I have a driver cpp file that calls cblas_dgbmv function with proper arguments. When I build OpenBLAS with "make", dgbmv runs with 8 threads automatically (multithreaded dgbmv is invoked in gbmv.c interface and I assume this is a default behaviour). On the contrary, when I provide OPENBLAS_NUM_THREADS=1 after this build, sequential version runs and everything goes well. All good for now.
The problem is, I would like to assess performance of the multithreaded cblas_dgbmv based on different threads, by using a loop that calls this function 1000 times serially and measuring the time. My driver is sequential. However, even 2 threaded dgbmv degrades the performance (execution time), being a single multithreaded call, without the loop.
I researched about multithreaded runs of OpenBLAS and ensured everything conforms to specifications. There is no thread spawning or any pragma directives in my driver (it solely runs a master thread just to measure wall clock). IN other words, I call DGBMV in a sequential region, not to conflict with threads of OpenBLAS. However, I sense something like, excessive threads are running and therefore execution slows down, although, I have already set all env variables regarding #threads except OPENBLAS_NUM_THREADS to 1.
I use openmp walll clock time and measure the execution time with a code surrounding only this 1000-times caller loop, so that is fine as well :
double seconds,timing=0.0;
//for(int i=0; i<10000; i ){
seconds = omp_get_wtime ( );
cblas_dgbmv(CblasColMajor, CblasNoTrans , n, n, kl, ku, alpha, B, lda, X, incx, beta, Y, incy);
timing = omp_get_wtime ( ) - seconds;
// }
I run my driver code with a proper env variable set in runtime (OPENBLAS_NUM_THREADS=4 ./myBinary args...). Here is my Makefile to compile both lbrary and the application :
myBinary: myBinary.cpp
cd ./xianyi-OpenBLAS-0b678b1 && make USE_THREAD=1 USE_OPENMP=0 NUM_THREADS=4 && make PREFIX=/home/selin/HPC-Research/xianyi-OpenBLAS-0b678b1 install
g myBinary.cpp -o myBinary -I/home/selin/HPC-Research/xianyi-OpenBLAS-0b678b1/include/ -L/home/selin/HPC-Research/xianyi-OpenBLAS-0b678b1/lib -Wl,-rpath,/home/selin/HPC-Research/xianyi-OpenBLAS-0b678b1/lib -lopenblas -fopenmp -lstdc fs -std=c 17
Architecture : 64 cores shared memory with AMD Opteron Processors
I would be more than happy if anyone could explain what goes wrong with the multithreaded version of dgbmv.

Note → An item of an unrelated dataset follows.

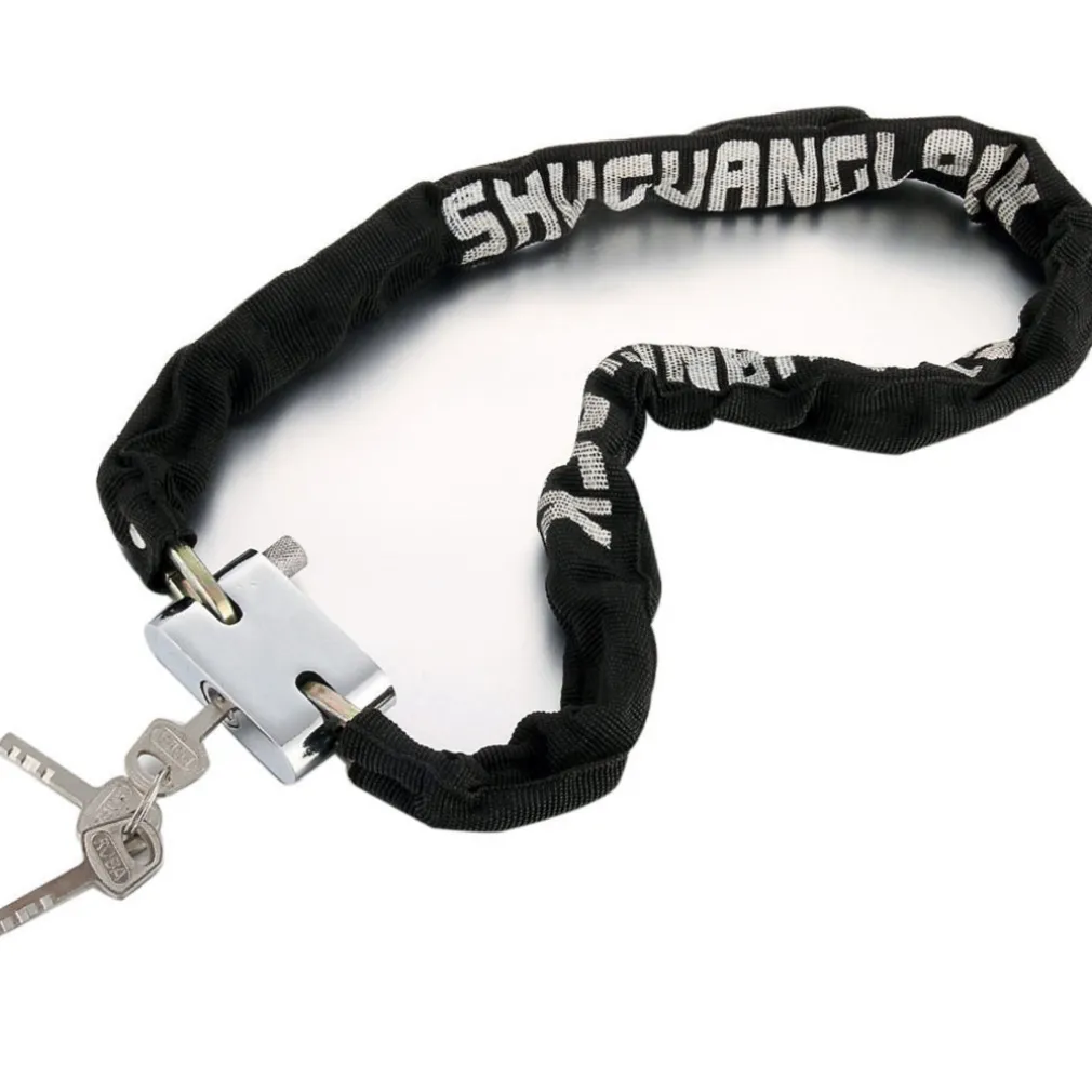 I collegamenti di questa catena blocca bicicletta o moto con un diametro di circa 6 mm e catena lunga circa 80 cm.

CodePudding user response:
In my own program that scales well (different than multithreaded openblas mentioned above) i have tried setting GOMP_CPU_AFFINITY to 0..8 and PROC_BIND to true, and also OMP_PLACES to threads(8) for the sake of running 8 threads on the first 8 cpus (or cores) with no hyperthreading. then i have visually checked via htop utility every thread is being executed on the first numa node with 8 processors. after ensuring that, result was 5 seconds longer. by unsetting these variables, i got 5 secs faster result. @JérômeRichard. I2ll try the same thing for openblas driver as well.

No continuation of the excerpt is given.